Não obstante sua vocação emancipatória a Pedagogia Social não se inscreve
dentro das práticas ideologicamente rotuladas como revolucionárias. A natureza da
transformação que se quer não é a substituição de uma classe opressora por outra,
mas transformação na qualidade das relações que são estabelecidas.
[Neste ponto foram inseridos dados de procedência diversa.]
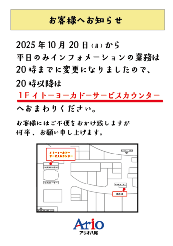2025年10月20日(月)から平日のみインフォメーションの業務は20時までに変更になりましたので、
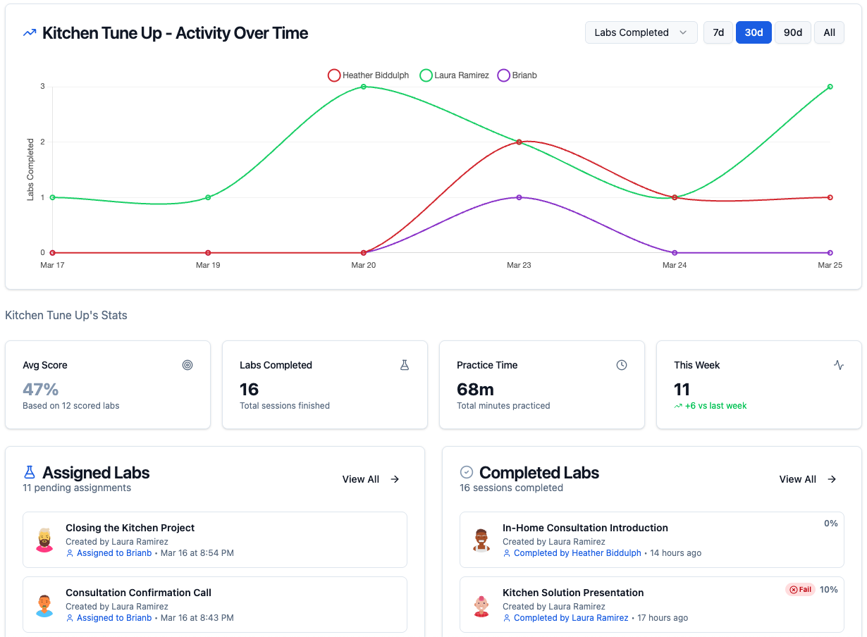 Yes, analytics and manager visibility are paramount. RepLab offers a comprehensive Manager Command Centerdashboard. You gain immediate access to centralized data on individual rep performance, skill proficiency scores, improvement trends, and completion rates. Crucially, you can identify systemic skill gaps across your entire organization (e.g., "75% of reps struggle with financing options") and use this data to drive targeted training and prove ROI.

A própria
tomada de consciência em relação aos papéis de oprimido/opressor já é parte do
processo de libertação, sobretudo para que os mesmos sejam exercidos de forma
consciente.
A ampliação do Direito à Educação sob a perspectiva da Pedagogia Social,
leva em consideração, dentre outras coisas:
• A inclusão na política educacional dos novos sujeitos de direitos, emergidos
pela Constituição Federal de 1988;
• A concepção de que Educação se faz ao longo de toda a vida e não em faixas
etárias pré-determinadas;
• A concepção de que todos os espaços, públicos e privados, são
potencialmente educativos, inclusive a escola e a sala de aulas;
• A aceitação de que a legislação social brasileira (Estatuto da Criança e do
Adolescente, Código de Defesa do Consumidor, Estatuto do Idoso, Estatuto da
Igualdade Racial, Lei de Execução Penal, Lei Maria da Penha, etc.) é instrumento de
Educação Social;
• A compreensão de que a Educação de Infância se faz, preferencialmente, em
espaços públicos e não no ambiente privado e doméstico;
• A educabilidade social do sujeito nos novos espaços de socialização;
• Implantação da Escola de Tempo Integral, mas que seja integrada e
integradora;
• Reconhecimento da função social da escola pública;
• Legitimar a função educativa das ONGs, dos movimentos sociais e das
comunidades organizadas;
• Tornar educativos os programas e projetos sociais de transferência de renda;
• Eliminar a precariedade do trabalho social;
• Dar identidade ao educador social por meio da regulamentação da profissão;
• Dotar os órgãos e serviços públicos dos profissionais capazes de exercer as
atribuições previstas em lei;
• Dar formação pedagógica aos agentes da lei e administradores públicos;
• Realizar a mediação pedagógica dos conflitos sociais.
FREIRE, Paulo. Pedagogia do oprimido. 17ª. ed. Rio de Janeiro, Paz e Terra,
1987.
SILVA, Roberto. Pedagogia Social. São Paulo: Expressão & Arte, 2009.